- Born: Geeta Arora 1981 (age 44–45)
- Criminal status: Imprisoned at Tihar Jail
- Spouse: Vijay Singh (d.2003)
- Children: 1
- Conviction: Sex Trafficking
- Criminal penalty: 24 years imprisonment

= Sonu Punjaban =

Indian convicted sex trafficker

Geeta Arora, also known as Sonu Punjaban, is an Indian convicted sex trafficker who was sentenced to 24 years of imprisonment for trafficking a minor girl.

== Biography ==
Sonu married gangster Vijay Singh in 2003 who was killed in an encounter by Uttar Pradesh Special Task Force soon after their marriage.

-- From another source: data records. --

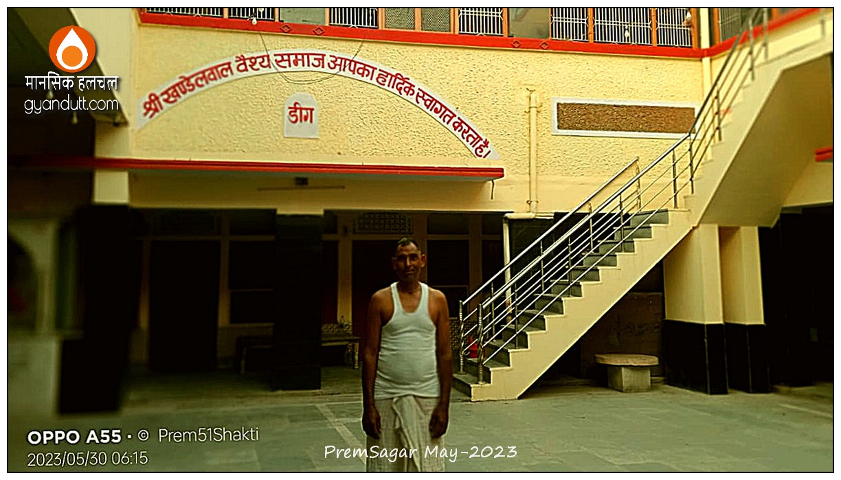 डीग में खण्डेलवाल धर्मशाला में रुके थे प्रेमसागर। पहले चौरासी कोस की परिक्रमा के दौरान भी इसी धर्मशाला में ठहर चुके थे। सस्ता भी था वहां रुकना और आत्मीयता भी थी वहां लोगों से। यह गुण प्रेमसागर में प्रचुर है – लोगों से आत्मीयता बना लेना और उस नेटवर्किंग का अपनी पदयात्रा के लिये भरपूर उपयोग कर लेना। यह गुण उनकी रुक रुक कर बोलने, स्थानों और लोगों ने नाम गड्डमड्ड कर देने और भूगोल की अपर्याप्त जानकारी आदि की कमियों को बखूबी कवर-अप कर लेती हैं।
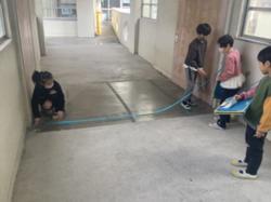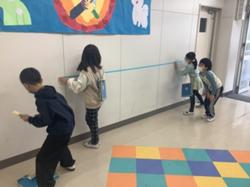 2年生が長い長さのテープをもって、校内をまわっていました。聞いてみると、3mの長さを探しているそうで、いろいろな長さを測っていました。スカイブリッジの幅は、3mには満たない長さでした。このような活動を通して、量の感覚を培っています。
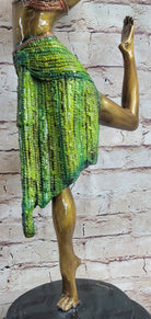 This exquisite bronze dancer is a true work of art, handmade with exceptional detail and featuring Egyptian symbols that reflect the period's fascination with the excavation of Tutankhamen's tomb. The natural pairing of the base and sculpture form a cohesive design that adds to the piece's overall beauty.
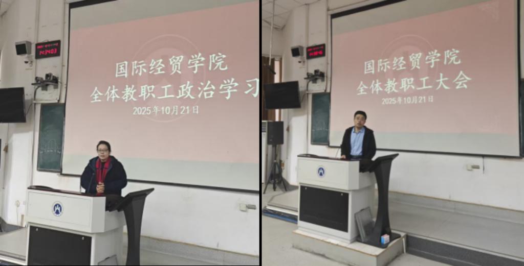 10月21日下午,国际经贸学院于舜耕校区第二阶梯教室召开全体教职工大会。学院全体领导班子及全体教职工参会。大会由院长方慧主持。

Then she got involved with Deepak who also killed in encounter by the Assam Police. She then married Deepak's brother Hemant Sonu who was also killed in police encounter in April 2006.

== Arrests ==
Sonu was arrested multiple times, first in 2007 under the sections of Immoral Traffic Prevention Act but soon got bail; then she was arrested once again in 2008 for the same offense. She was then arrested under Maharashtra Control of Organised Crime Act in 2011. She was finally arrested in 2017 and has been in Tihar Jail since then.

== 2020 conviction ==
On 16 July 2020, Sonu was convicted under Protection of Children from Sexual Offences Act for forcefully administering drugs to a minor girl so that she could be sexually exploited. The minor girl had given her statement to the police on 9 February 2014. Additionally, the court sentenced co-accused Sandeep Bedwal to 20 years of imprisonment.

Sonu attempted suicide while still in Tihar Jail, hours after she was convicted. She was hospitalized in Deen Dayal Upadhayay Hospital and was shifted back to the jail when her condition stabilized.